|Home | About | Journals | Submit | Contact Us | Français|
This study evaluated the accuracy and large inaccuracy of the Freestyle® Navigator (FSN) (Abbott Diabetes Care, Alameda, CA) and Dexcom® SEVEN® PLUS (DSP) (Dexcom, Inc., San Diego, CA) continuous glucose monitoring (CGM) systems during closed-loop studies.
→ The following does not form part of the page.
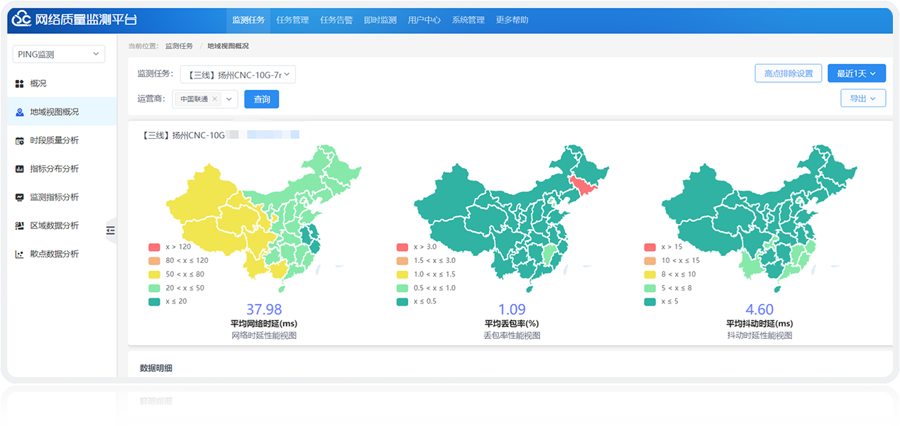 ● 全网部署千万级监测节点,可对互联网业务进行常态化、精细化仿真测试,分析结果高度可视化,自动感知性能劣化,在用户投诉之前产生预警。

Paired CGM and plasma glucose values (7,182 data pairs) were collected, every 15–60min, from 32 adults (36.2±9.3 years) and 20 adolescents (15.3±1.5 years) with type 1 diabetes who participated in closed-loop studies. Levels 1, 2, and 3 of large sensor error with increasing severity were defined according to absolute relative deviation greater than or equal to±40%,±50%, and±60% at a reference glucose level of ≥6 mmol/L or absolute deviation greater than or equal to±2.4 mmol/L,±3.0 mmol/L, and±3.6 mmol/L at a reference glucose level of <6 mmol/L.
Median absolute relative deviation was 9.9% for FSN and 12.6% for DSP. Proportions of data points in Zones A and B of Clarke error grid analysis were similar (96.4% for FSN vs. 97.8% for DSP). Large sensor over-reading, which increases risk of insulin over-delivery and hypoglycemia, occurred two- to threefold more frequently with DSP than FSN (once every 2.5, 4.6, and 10.7 days of FSN use vs. 1.2, 2.0, and 3.7 days of DSP use for Level 1–3 errors, respectively). At Levels 2 and 3, large sensor errors lasting 1h or longer were absent with FSN but persisted with DSP.
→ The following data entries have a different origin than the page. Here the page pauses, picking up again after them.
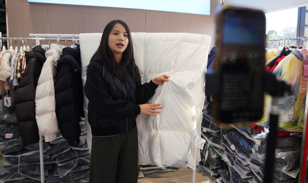 在橋圩羽絨產(chǎn)業(yè)園展示廳,銷售人員正在直播介紹當?shù)厣a(chǎn)的羽絨被。新華社記者 楊馳 攝
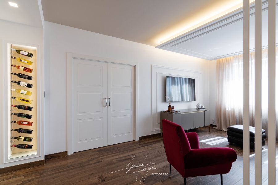 Una vineria illuminata, con veletta in cartongesso, oltre ad impreziosire l’ambiente, è servita a celare il pilastro originariamente lasciato a vista.
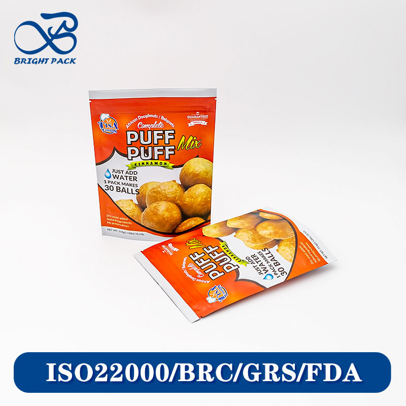 Bolsas stand-up laminadas de diseño personalizado de alta calidad al por mayor para el envasado de snacks. Fabricadas con materiales laminados de grado alimenticio, incluyendo una capa interior de papel de aluminio, estas bolsas crean una barrera robusta contra la humedad, el agua y los contaminantes externos, preservando la frescura, el crujido y el sabor de varios snacks durante el almacenamiento, el transporte y la exhibición en tiendas.
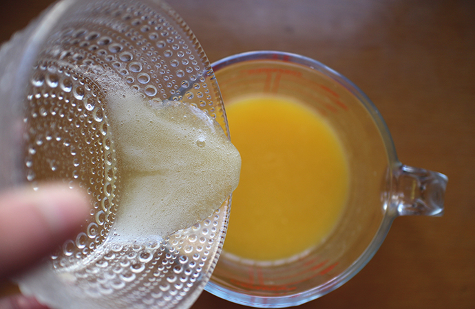 6、接著將融化成液態的吉利丁片倒入果汁中,然后徹底攪拌均勻

FSN and DSP differ substantially in the frequency and duration of large inaccuracy despite only modest differences in conventional measures of numerical and clinical accuracy. Further evaluations are required to confirm that FSN is more suitable for integration into closed-loop delivery systems.
Because of lifelong dependency on exogenous insulin, type 1 diabetes imposes a heavy burden on individual and society. Maintaining good glycemic control while avoiding hypoglycemia remains an intangible goal for many subjects with type 1 diabetes despite progress in therapeutic options such as insulin pump therapy and continuous glucose monitoring (CGM).1,2 Novel approaches are needed before cure in the form of cell-based therapy or immunotherapy becomes available.
Closed-loop insulin delivery systems, modulating insulin delivery in glucose-responsive fashion, have the potential to revolutionize the treatment of type 1 diabetes.3 The last decade has witnessed a rapid expansion of research into closed-loop systems informed by subcutaneous glucose levels measured by commercial CGM devices.4–12 Despite significant progress, continuous subcutaneous glucose monitors are less accurate than capillary glucose measurements. Some of these deviations are physiological, such as at times of rapid glucose change, reflecting the time taken for the movement of glucose between different body compartments,13 but at other times sensors deviate from reference glucose because of inaccurate calibration, pressure dropouts, sensor dislodgment, and other artifacts. Such unpredictable sensor deviations of sufficient length and magnitude may lead to temporal insulin over- or under-delivery during closed-loop operation, the impact of which will depend on several factors such as prevailing glucose, relation to meals and exercise, and other factors such as insulin sensitivity. Despite these subject-specific and circumstantial factors, larger and prolonged sensor inaccuracies are more likely to cause clinically significant insulin over- or under-delivery during closed-loop operation, leading to hypo- or hyperglycemia.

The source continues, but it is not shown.